10 Atlanta Bars You Can’t Go Into After 30
How do you know you’re too old for a bar? Maybe it’s when everyone else says, “who’s this?” when The Who comes on the jukebox. Or when you realize the place is full of college kids. Or maybe if you have to ask the question... Make it easy on yourself by checking out our list of Atlanta bars you can’t go to after 30, and remember, the kids are alright... without you.
The fat lady has indeed sung on your time inside Midtown’s tourist-iest 20-somethings ballroom, and it’s a tune whose lyrics are “you don’t belong.” Reasons include “college” Wednesdays, nights where they actually say “21+”, a dress code your grown ass actually has zero problem passing, and the occasional Saturday teen night. But still, you always see a few too-old-for-any-opera-that-doesn’t-include-Nessun Dorma folks who nobody warned. At least now you can’t say you’ll be one of them.
Even the hot bartenders can’t stop making duck faces long enough to tell you your Greyhound bus to a Florida retirement home is about to leave you if you don’t haul ass out the door. Pretty much a sloshy wasteland of UGA preps, you should feel the shame of maturity with every Fireball shot you buy for random halter-topped coeds.
There was a time when you were young and worldly. You went to a basement in a hidden place (basically not that far from the sewer line in Midtown) and mingled with folks from different cultures, all who, like you, could simultaneously love Jameson Jell-O shots and Nelly. Nowadays, the same songs you and those “friends” loved are heard in constant rotation on one of ATL’s new “old-school hip-hop” radio stations. Nah, your Sutra days have passed. Don’t even slow down your Nissan LEAF long enough to let them see the tears fall as you cruise down Crescent, past the entrance.
This might hurt.

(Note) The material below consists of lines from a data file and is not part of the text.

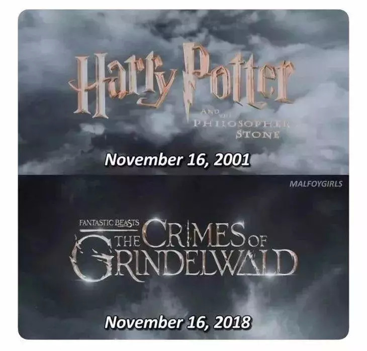 (资深影迷发现,《神奇动物2》与17年前的《哈利·波特与魔法石》上映时间为同一天)
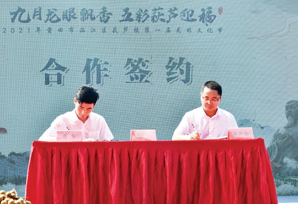 市人大常委会副主任蔡国萍、莆田学院党委副书记翁若平等出席龙眼文化节开幕式,并为五彩萩芦品牌揭幕。
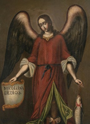 ※ 이 작품은 라틴아메리카 식민지 종교미술 전통 속에서 성 라파엘 대천사를 치유와 보호의 상징으로 강조한 성화이다. 작가는 정면 구도와 상징적 요소들을 통해 라파엘을 하느님의 치유를 전달하는 사자로 분명히 제시하고자 하였으며, 물고기와 문구를 결합하여 「토비트기」의 치유 서사를 시각적으로 명확하게 드러낸다. 이러한 표현은 성화를 신앙 교육과 신심 고양의 도구로 사용했던 식민지 바로크 미술의 특징을 보여 주며, 관람자로 하여금 하느님의 치유와 보호가 인간 삶 속에 함께한다는 신앙적 의미를 묵상하도록 이끈다.
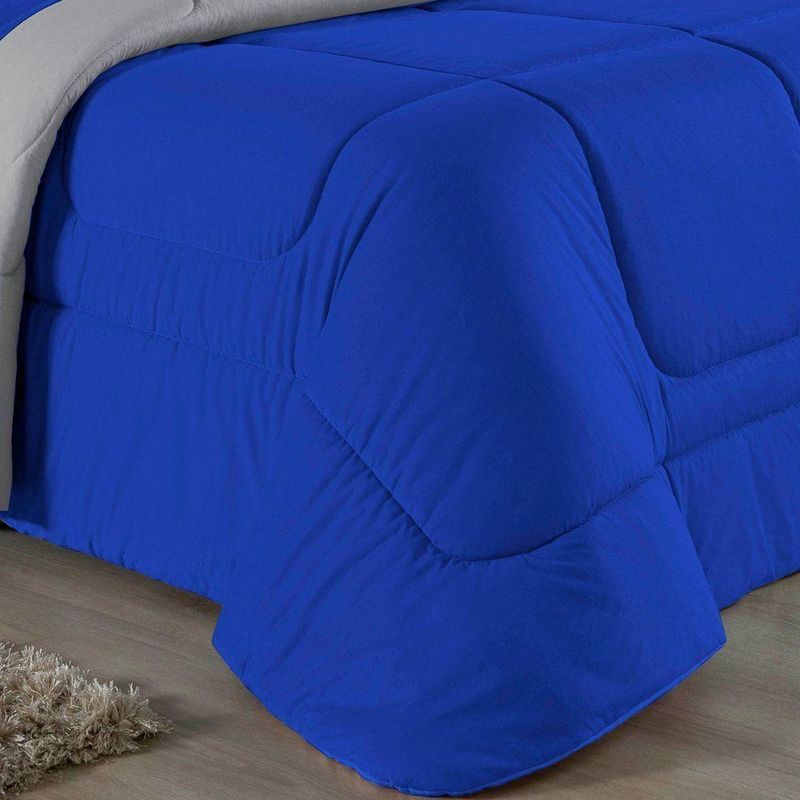 Kit Edredom Dupla Face + Jogo De Lençol Casal Viúva Nobre 7 Peças Malha 100% Algodão - Royal / CinzaGaranta a experiência completa de conforto e decoração com o Kit Cama Completa Casal Viúva Nobre 7 Peças. Este conjunto premium inclui todas as peças necessárias para vestir a cama, do lençol de cima ao edredom, tudo em malha 100% algodão. Essa medida especial foi feita para as camas cama casal viúva ou solteiro viúva.Por que este Kit é uma ótima escolha?- Enxoval Completo: Diferente dos kits básicos, este modelo inclui o Lençol de Cima, ideal para dias frescos e para proteger o edredom, garantindo higiene e conforto térmico.- Qualidade da Malha: Feito em 100% Algodão Fio 30/1 Penteado, oferece toque macio, não dá bolinhas e é altamente respirável.- Decoração Impecável: O edredom dupla face e o porta travesseiro matelado decoram a cama, enquanto o jogo de lençóis completo traz a sensação de cama de hotel.- Ajuste Seguro: O lençol de baixo com elástico fixa-se firmemente ao colchão Casal viúva.Produto composto por (Total 07 Peças):Do Kit Edredom (03 Peças):01 Edredom Casal Viúva Dupla Face: 2,00m x 2,20m02 Porta Travesseiro Matelado: 50cm x 70cmDo Jogo de Lençol (04 Peças):01 Lençol de Cima (Virol) Casal 2,40m x 2,20m01 Lençol Casal Viúva com Elástico 1,28m x 1,98m x 30cm02 Fronha: 70cm x 50cmComposição:Tecido (Todas as peças): Malha 100% Algodão - Fio 30/1 PenteadoEnchimento (Edredom e Porta Travesseiro): 100% Poliéster (Edredom com fibra siliconada)Forro (Apenas Porta Travesseiro): 100% Polipropileno
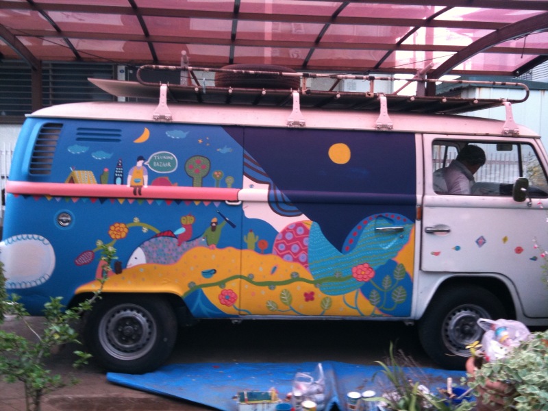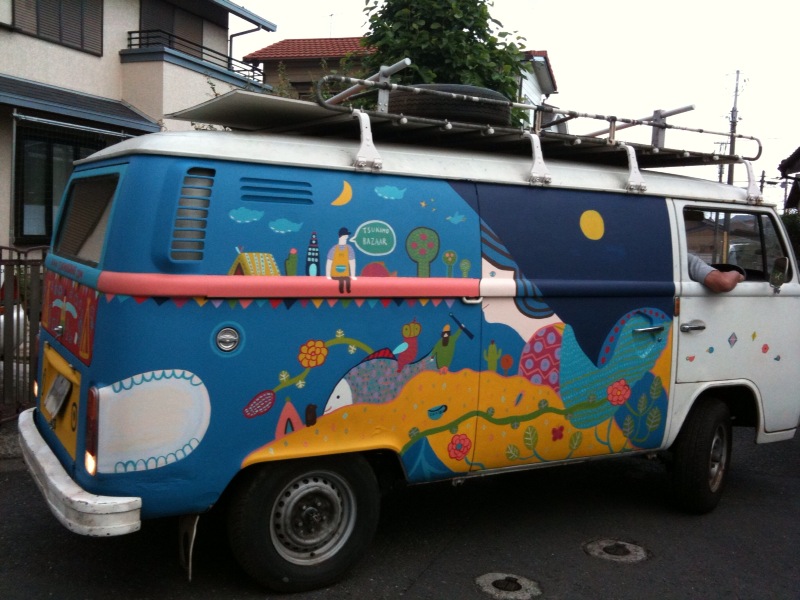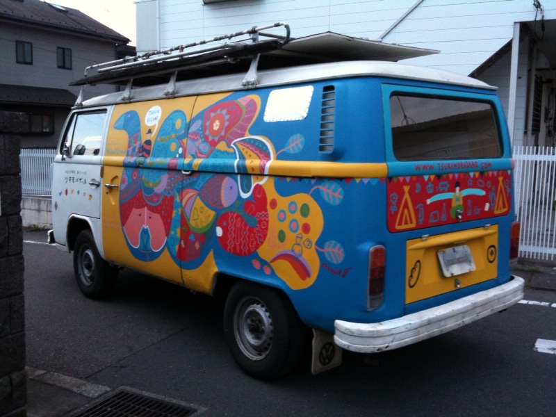 ひゅー!先月末から、ワーゲンバスにペンキで絵を描いておりました。
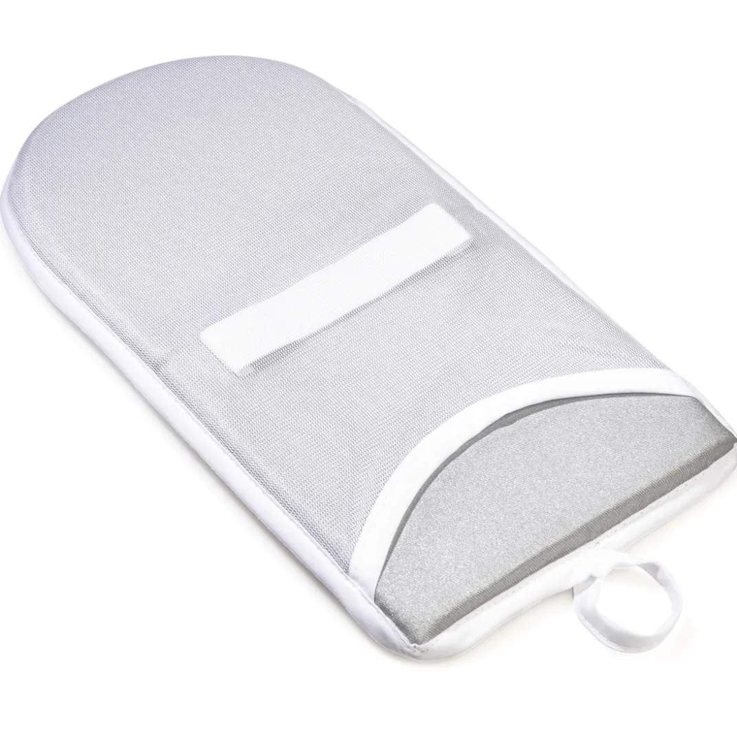 Idéal pour les petites surfaces, ourlets, cols, galons : ce gant remplace une table de repassage. Il suffit de glisser votre main dedans. Son tissu imperméable et isolant vous protège du fer à repasser.

No doubt; MJQ is great. The long-standing and much-loved club has been around since 1994, hosting legendary performances and parties: it’s one of the most authentic places in town. It’s also a place where you’ve gotta sometimes push past fake-musty hipsters (the kids who can afford deodorant but choose not to use it because they’re so with it, man) just to get a drink because the place is always crazy-packed. You’re too old for that.
Old Fourth Ward
30-year-olds were too old for this new spot as soon as it opened in 2013. By now you should have realized that 1) everybody seems to be wearing a long designer tank top and leggings except you, and 2) the moment you step out of this place onto Edgewood, you should call your own mother and apologize for not growing up.
It’s just not worth the depression, dude. Those girls are looking for Taylor Kitsch, or the guy who’s playing Apollo Creed’s son in that new Rocky movie. You know, beautiful people... and not beautiful in the way your grandmother always says you are, because like her, you’re old. Also, the mere fact that you’re able to pay for so many high-priced cocktails is a sign that you’re past your prime. Also, did you just order a glass of red wine??
Just stop it. Sure you can get pizza here, but really... you’re here for the close proximity to GA Tech and the cheap shots. Hopefully someone takes one at you... to knock some adult sense into you, obviously. At some point you have to leave campus dude, and just because Rocky Mountain is just outside the gates doesn’t mean it’s really separate. Shame on you.
What the hell would you be doing here anyway? Going to a Meek Mill album release party? Dancing really hard to an EDM set by a deejay you've never heard of? Don’t play yourself. There’s a pool hall somewhere that has a jukebox with that Blink-182 song you love, or you might still be able to catch karaoke night at Corner Tavern -- it added more TLC songs to the book.
Everyone is still claiming to be in a fraternity or sorority except you (hopefully). Everyone’s face says “I have access to a lot of money I didn’t have to earn.” Everyone is too young to dress as old and golfy as they do. This one might actually be the easiest to walk away from. You really have matured!
Back in the ‘90s when it was known as Montre’s, this building was your only strip club option if you were a freshman at Morris Brown, Clark-Atlanta, or Morehouse (maybe Spelman too, on the low). If you’re still going here and you’re over 20, it’s because you’re either the world’s dumbest freshman or you’re goofy enough to think you might actually catch a girl from the AUC stripping close to campus, where everybody could find out. No, my friend; those young ladies are probably somewhere far away like Oasis making suburb-quality tips, and you can probably still hear the echo of Laurence Fishburne screaming at you to “WAAAAAKE UUUUP!” from when they taped School Daze over here in the late ‘80s.